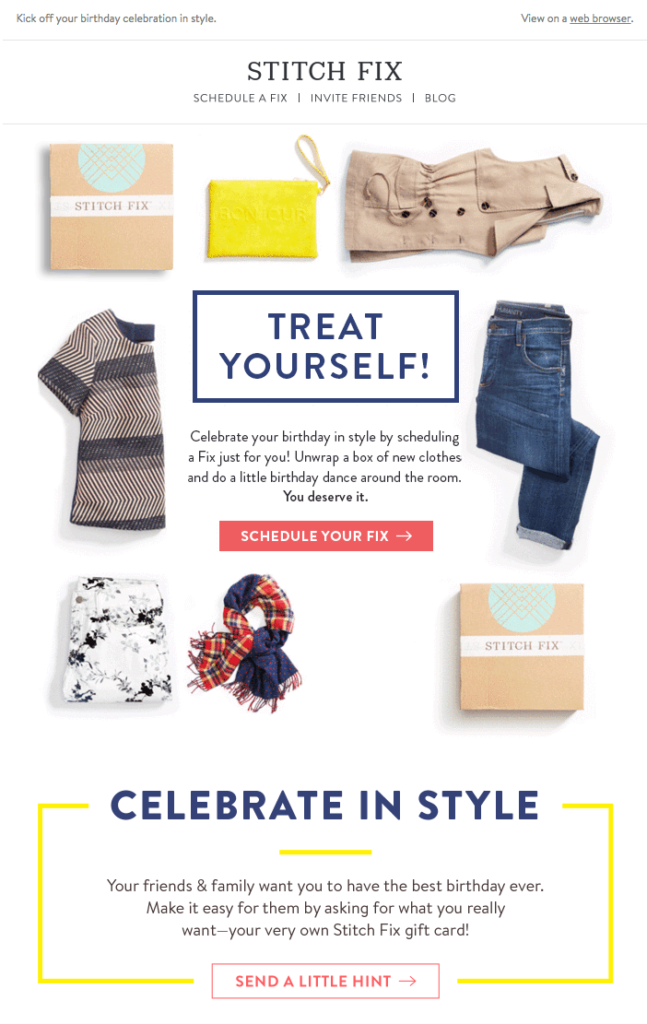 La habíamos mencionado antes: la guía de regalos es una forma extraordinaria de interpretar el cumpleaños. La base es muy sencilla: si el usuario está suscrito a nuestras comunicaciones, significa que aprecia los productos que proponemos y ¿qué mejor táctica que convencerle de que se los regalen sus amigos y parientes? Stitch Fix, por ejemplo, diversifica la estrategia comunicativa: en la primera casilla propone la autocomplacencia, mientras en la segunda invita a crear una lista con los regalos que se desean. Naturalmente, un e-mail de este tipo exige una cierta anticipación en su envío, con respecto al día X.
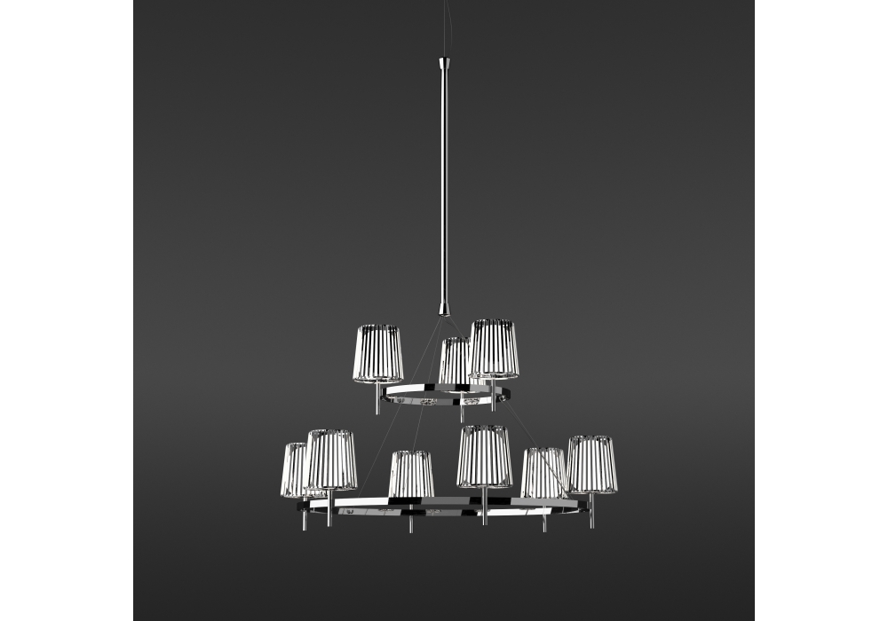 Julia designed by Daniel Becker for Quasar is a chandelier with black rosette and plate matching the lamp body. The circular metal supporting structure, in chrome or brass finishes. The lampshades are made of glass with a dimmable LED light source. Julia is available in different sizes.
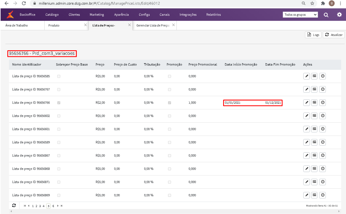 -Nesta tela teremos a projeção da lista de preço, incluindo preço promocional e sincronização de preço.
=======
Task item:
Word for word and without any pictures, return all of the lines above.

Output:
 La habíamos mencionado antes: la guía de regalos es una forma extraordinaria de interpretar el cumpleaños. La base es muy sencilla: si el usuario está suscrito a nuestras comunicaciones, significa que aprecia los productos que proponemos y ¿qué mejor táctica que convencerle de que se los regalen sus amigos y parientes? Stitch Fix, por ejemplo, diversifica la estrategia comunicativa: en la primera casilla propone la autocomplacencia, mientras en la segunda invita a crear una lista con los regalos que se desean. Naturalmente, un e-mail de este tipo exige una cierta anticipación en su envío, con respecto al día X.
 Julia designed by Daniel Becker for Quasar is a chandelier with black rosette and plate matching the lamp body. The circular metal supporting structure, in chrome or brass finishes. The lampshades are made of glass with a dimmable LED light source. Julia is available in different sizes.
 -Nesta tela teremos a projeção da lista de preço, incluindo preço promocional e sincronização de preço.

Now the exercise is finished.